■ **Given data**:
————————

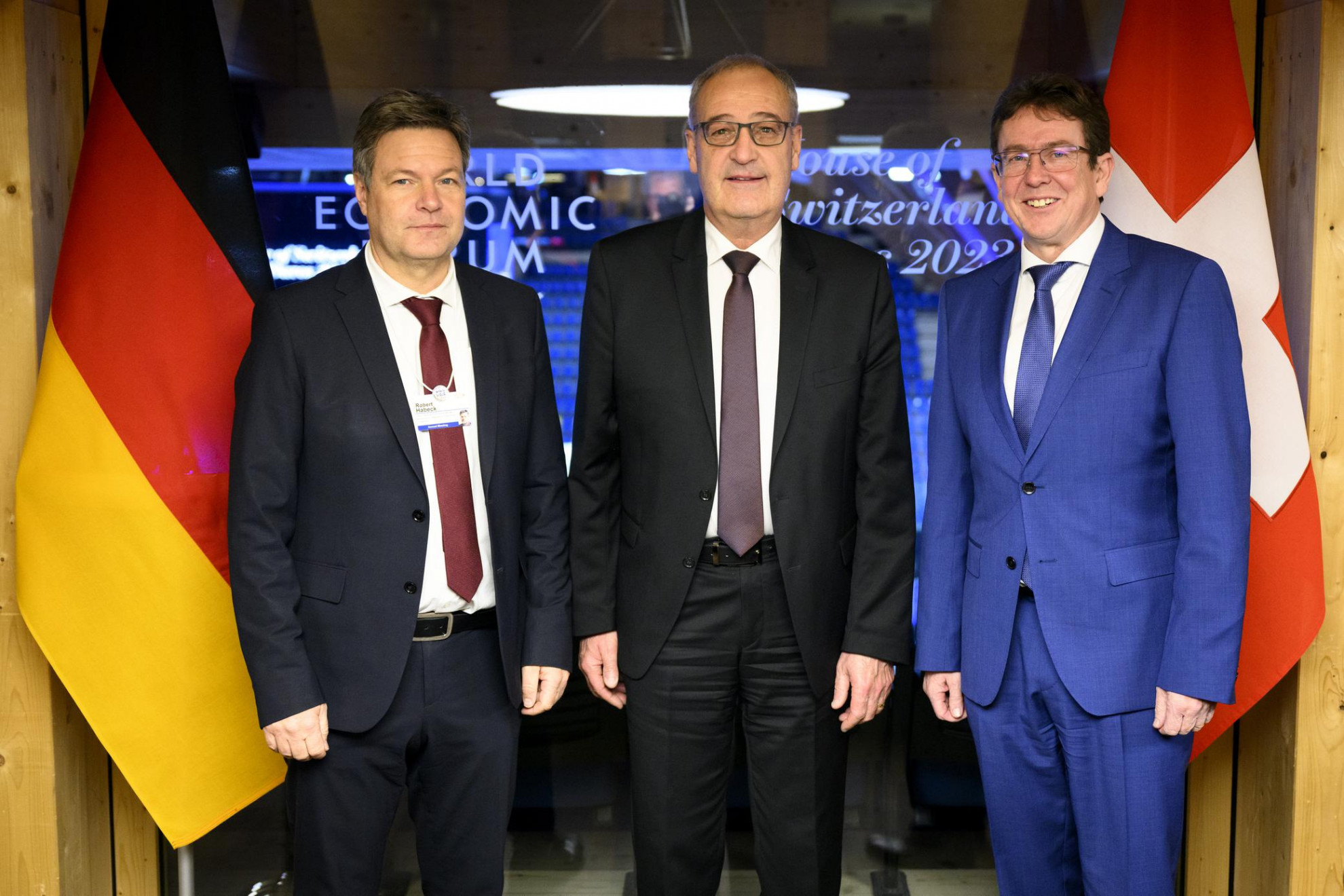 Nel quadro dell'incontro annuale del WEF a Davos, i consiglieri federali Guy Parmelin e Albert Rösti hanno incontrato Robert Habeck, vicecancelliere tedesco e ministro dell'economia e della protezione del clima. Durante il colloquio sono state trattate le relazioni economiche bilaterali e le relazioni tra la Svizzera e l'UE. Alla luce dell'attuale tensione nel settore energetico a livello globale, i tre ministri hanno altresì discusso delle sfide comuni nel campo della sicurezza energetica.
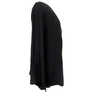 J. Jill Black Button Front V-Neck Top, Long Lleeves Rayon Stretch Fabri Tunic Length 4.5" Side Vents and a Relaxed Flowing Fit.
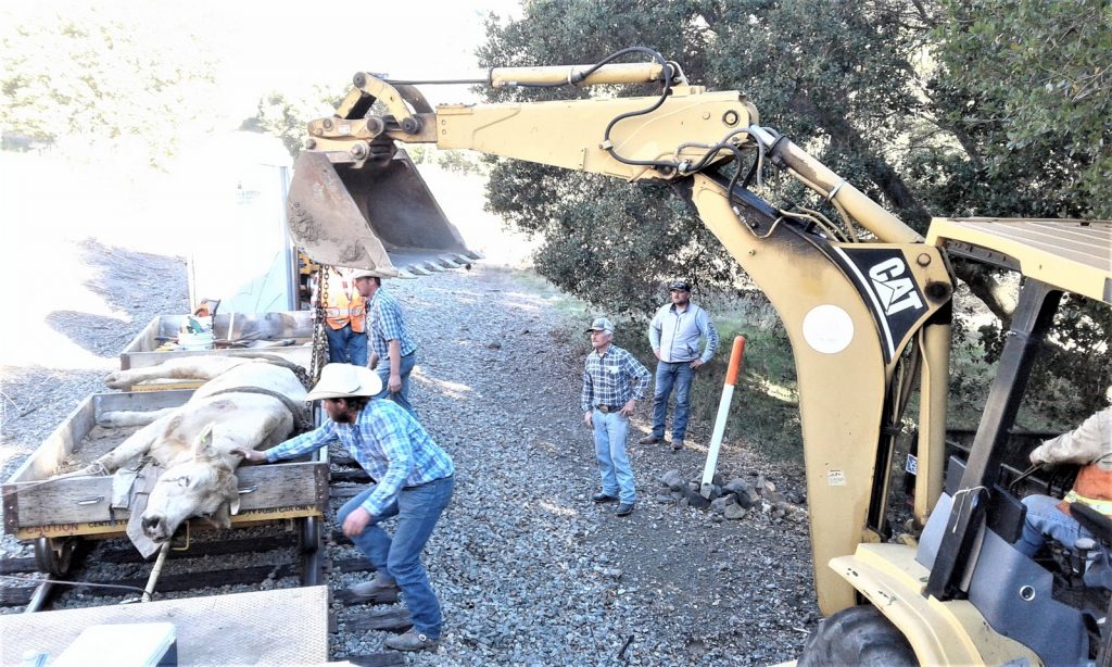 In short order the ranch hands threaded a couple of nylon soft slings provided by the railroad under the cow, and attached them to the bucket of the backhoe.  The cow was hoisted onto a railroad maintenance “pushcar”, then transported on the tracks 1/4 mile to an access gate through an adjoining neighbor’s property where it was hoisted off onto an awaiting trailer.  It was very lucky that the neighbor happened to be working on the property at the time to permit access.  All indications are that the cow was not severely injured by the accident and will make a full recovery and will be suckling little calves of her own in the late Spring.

————————

■ **Required action**: In your copy of the material, match every word exactly and include no pictures.

■ **Exercise response**:
 Nel quadro dell'incontro annuale del WEF a Davos, i consiglieri federali Guy Parmelin e Albert Rösti hanno incontrato Robert Habeck, vicecancelliere tedesco e ministro dell'economia e della protezione del clima. Durante il colloquio sono state trattate le relazioni economiche bilaterali e le relazioni tra la Svizzera e l'UE. Alla luce dell'attuale tensione nel settore energetico a livello globale, i tre ministri hanno altresì discusso delle sfide comuni nel campo della sicurezza energetica.
 J. Jill Black Button Front V-Neck Top, Long Lleeves Rayon Stretch Fabri Tunic Length 4.5" Side Vents and a Relaxed Flowing Fit.
 In short order the ranch hands threaded a couple of nylon soft slings provided by the railroad under the cow, and attached them to the bucket of the backhoe.  The cow was hoisted onto a railroad maintenance “pushcar”, then transported on the tracks 1/4 mile to an access gate through an adjoining neighbor’s property where it was hoisted off onto an awaiting trailer.  It was very lucky that the neighbor happened to be working on the property at the time to permit access.  All indications are that the cow was not severely injured by the accident and will make a full recovery and will be suckling little calves of her own in the late Spring.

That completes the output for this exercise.